In addition, the triple helices of the invention have an enormous potential for the treatment of various disease states. For example, oligonucleotides can be selected which specifically bind to pathogenic double-stranded DNA including specific sequences required by pathogenic bacteria or viruses for replication or virulence. Alternatively, the oligonucleotide can be chosen to target a unique sequence of the pathogen which is not found in the genome of the pathogen's host. Such an oligonucleotide further includes a therapeutic agent which selectively kills the pathogen or a cell containing it based upon the selective specificity of the oligonucleotide for the pathogenic DNA.

Another important potential therapeutic application of triple helix technology involves cancer treatment by way of triple helix suppression of specific oncogenes including those of endogenous or viral origin. When so used, one or more oncogenes identified with a particular tumor type are used as targets for triple helix formation. Specific oligonucleotides designed for triple helix formation to suppress the expression of hyper-expressed oncogenes are designed to repress expression. Alternatively, when an activated oncogene contains unique sequences associated with such activation, oligonucleotides specific for the unique sequence and which contain a therapeutic agent can be used. Such therapeutic oligonucleotides are capable of selectively forming a triple helix with such sequences in those cancerous cells containing the activated oncogene thereby preferentially killing or repressing the cancer causing cell type.

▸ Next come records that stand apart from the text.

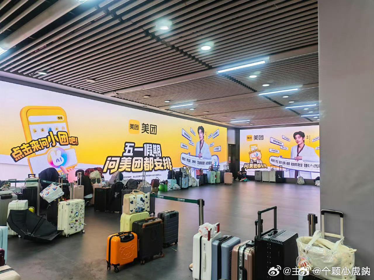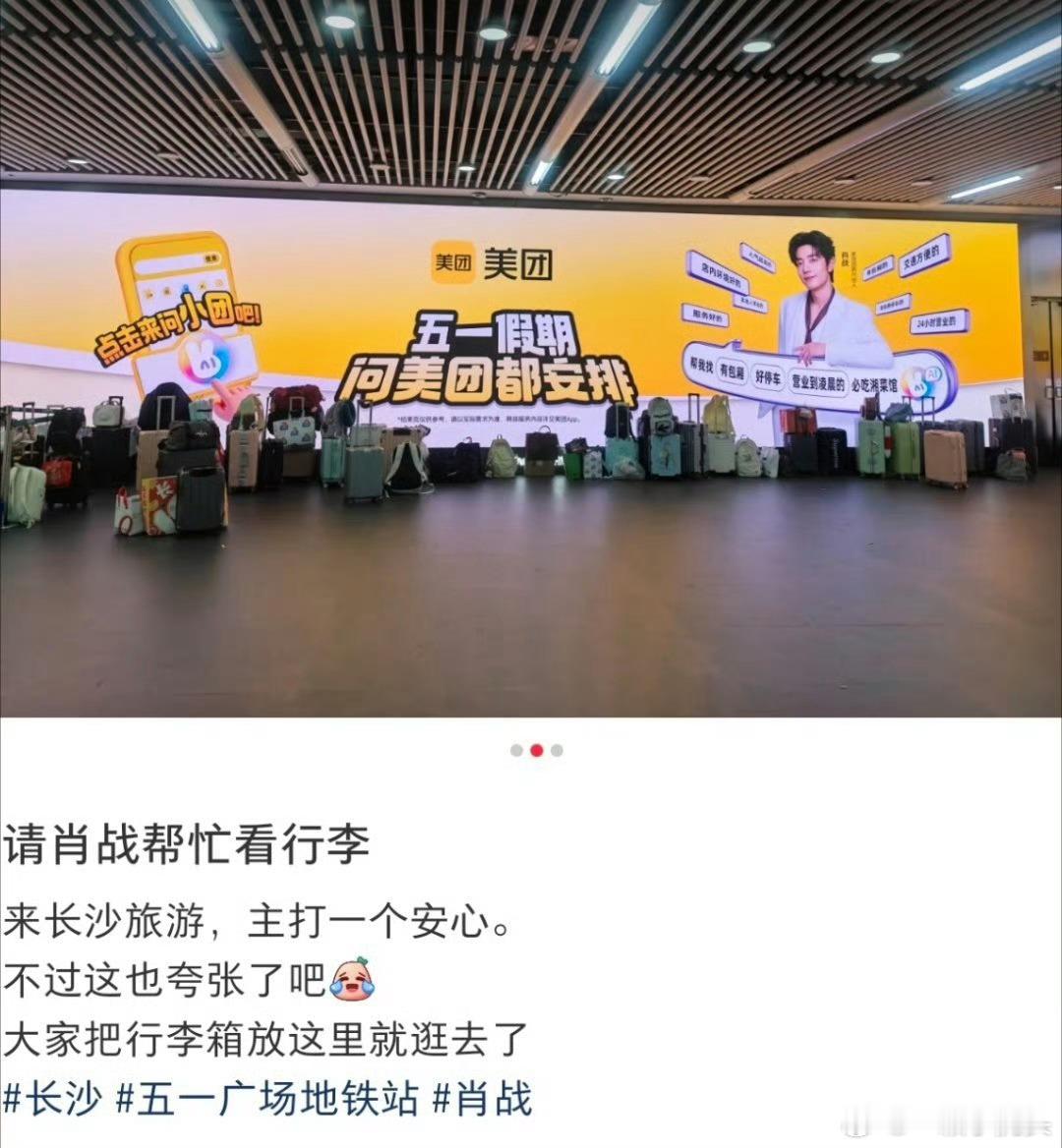 肖战广告牌在地铁替人看行李继上次有人让肖战广告牌看耳机,现在又有人让肖战看行李了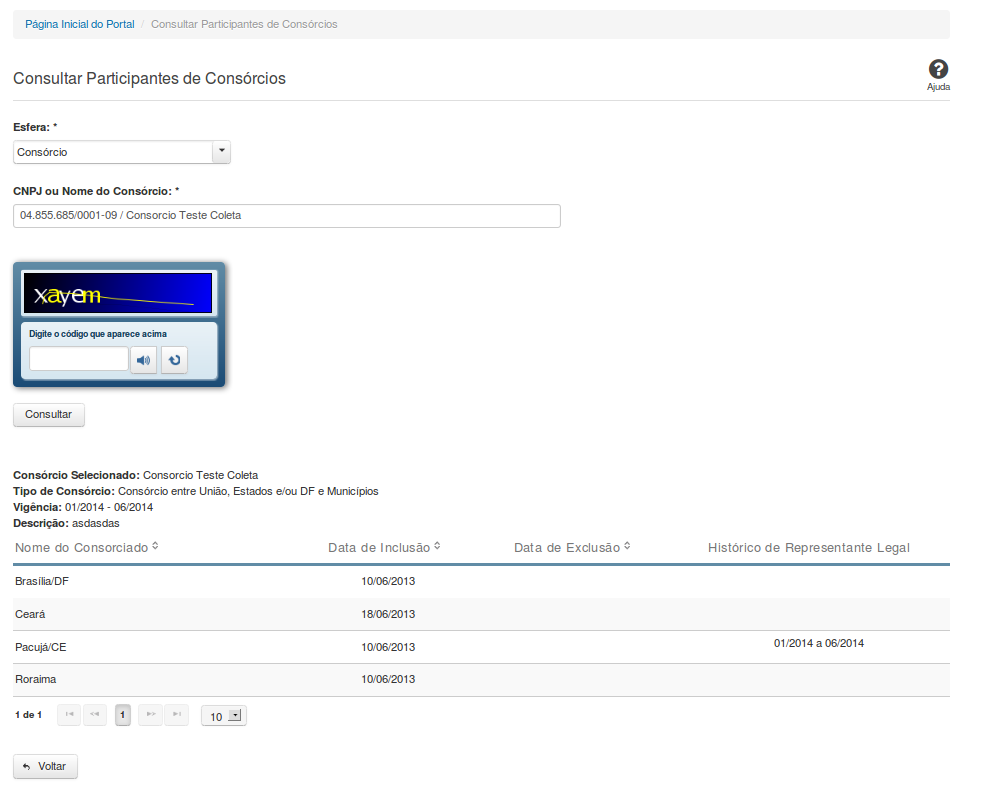 Essa tela permite que você obtenha uma lista de consórcios dos quais um determinado ente participa, bem como quais entes participam de um determinado consórcio.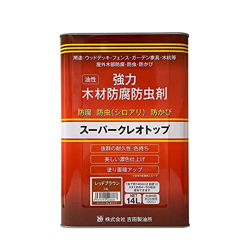 吉田製油所 高性能 強力木材防腐・防虫・防カビ剤 スーパークレオトップ レッドブラウン 14Lの高価買取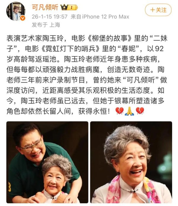 另一位圈内知名主持人曹可凡也在第一时间通过社交账号发文悼念,她讲述自己与陶玉玲老师的缘分,三年前陶玉玲还前往上海录制由曹可凡主持的访谈节目。
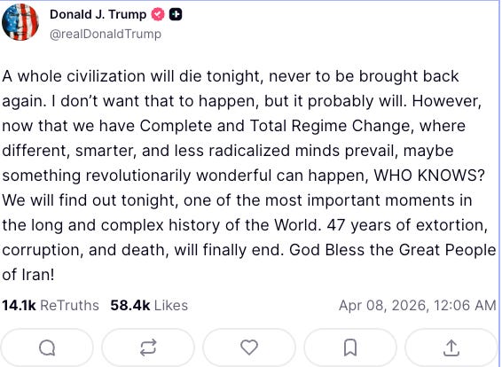 His recent statements in which he threatens to dismantle Iran’s infrastructure and warns of consequences severe enough to cripple the country are not aberrations in this sense. They are consistent with a worldview that prioritises coercion over negotiation. The two week ceasefire is not the product of careful diplomacy or mutual concession, but of an ultimatum: reopen the “f**kin’ Strait” of Hormuz or face escalation. That it succeeded in the immediate term does not prove that it will succeed in the long term, but it does show that there is some logic to dealing with these adversaries in terms they understand: violence.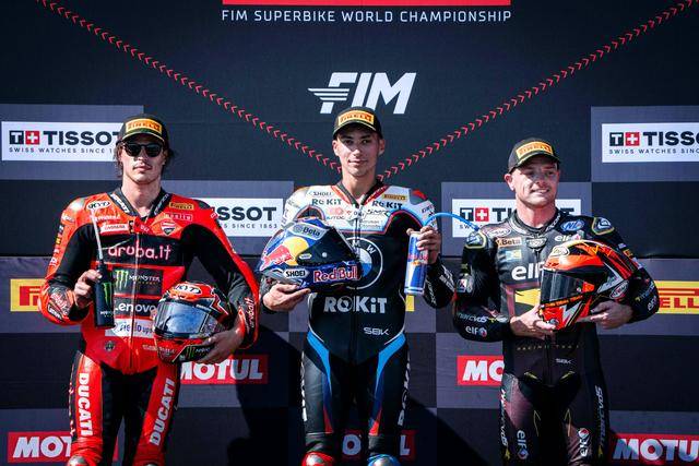 賽程為 10 圈的超級(jí)排位賽正賽(Super Pole Race),前面繼續(xù)是拉格里奧盧與杜卡迪陣營(yíng)的對(duì)抗,布雷加最終拿到了第一,拉格里奧盧落后 0.105 秒、獲得了第二,駕駛 19 號(hào)車(chē)的西班牙車(chē)手捌弟(Alvaro Bautista,巴迪斯塔)拿到了第三。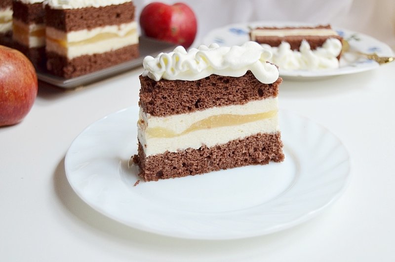 Prepari a doua transa de crema de mere, scoti apoi tava cu prajitura de la frigider si torni crema de mere, o intinzi bine si pui cealalta felie de blat deasupra (nu uita sa o insiropezi dupa ce ai pus-o) si introdu in frigider pentru minumum 5 ore .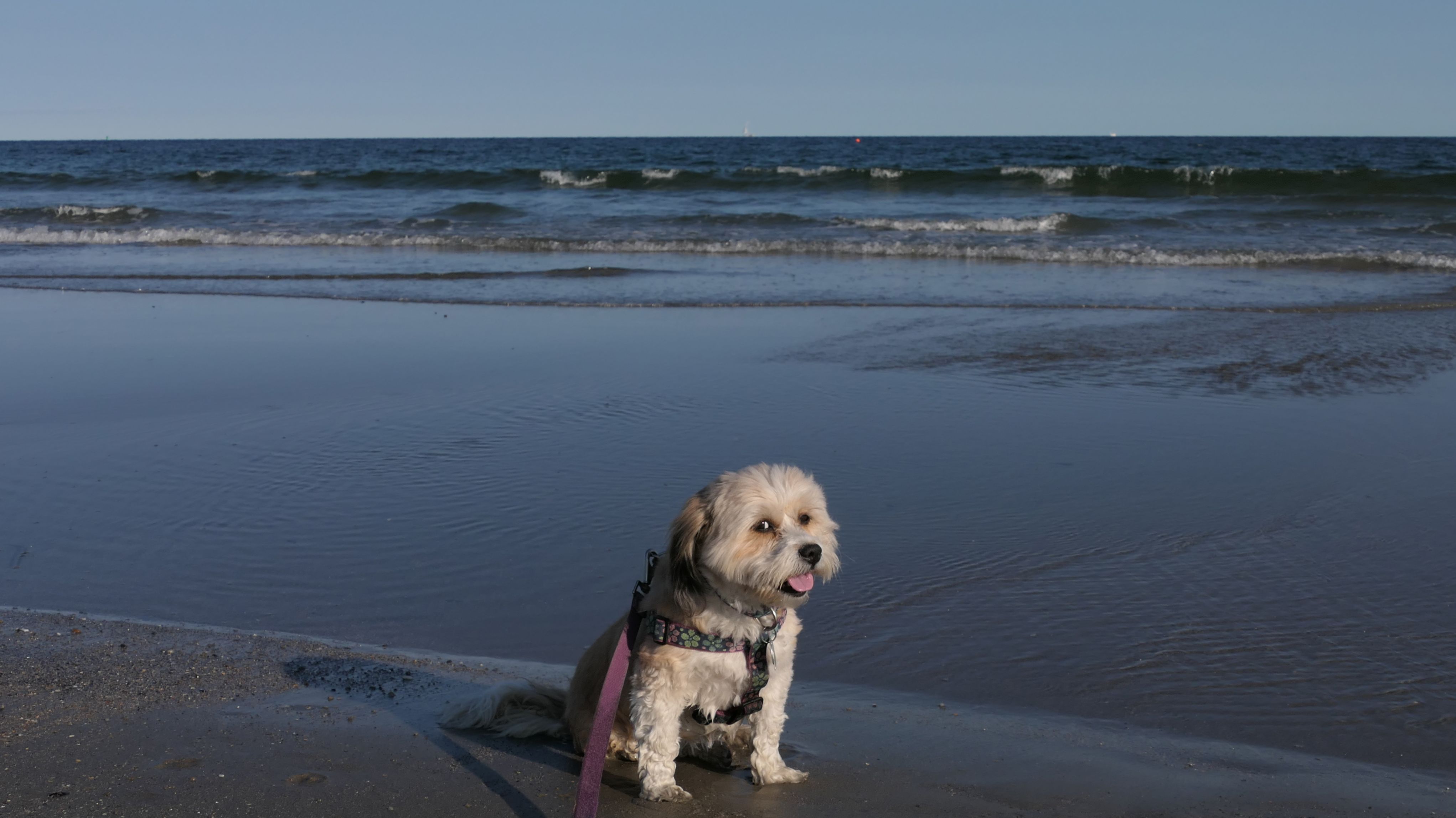 It was a hot day, so we came down to this beach. As mentioned previously on this page, dogs are allowed year round here, and there is no parking fee. The lot was almost full, and the beach was pretty busy. I'm not sure what was going on with the two guys holding woodwind instruments. They weren't playing the instruments, so maybe they were shooting a video. We only stayed about a half hour or so this time around, as it started to get cloudy, so we went somewhere sunnier.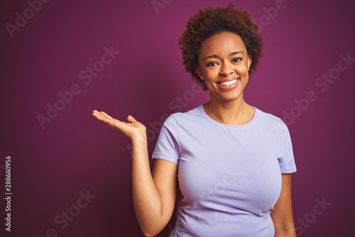 Young beautiful african american woman with afro hair over isolated purple background smiling cheerful presenting and pointing with palm of hand looking at the camera.

As used herein, a "target sequence" within a double- helical nucleic acid comprises a sequence preferably greater than 10 nucleotides in length but preferably less than 20 nucleotides within the double-helical nucleic acid. The target sequence is most preferably between 11 to 18 bases. The target sequence, in general, is defined by the nucleotide sequence on one of the strands of the double-helical nucleic acid. In the preferred embodiments herein, the target sequence is defined by a purine-rich containing strand.

As used herein, a "purine-rich sequence" on one of the strands of double-helical nucleic acid is defined as a contiguous sequence wherein greater than 50% of the nucleotides of the target sequence contain a purine base. However, it is preferred that the purine-rich target sequence contain greater than 60% purine nucleotides, more preferably greater than 75% purine nucleotides, next most preferably greater than 90% purine nucleotides and most preferably 100% purine nucleotides. When such a target sequence contains greater than approximately 90% purine nucleotides, it is sometimes referred to as a purine tract or a substantially homopurine tract.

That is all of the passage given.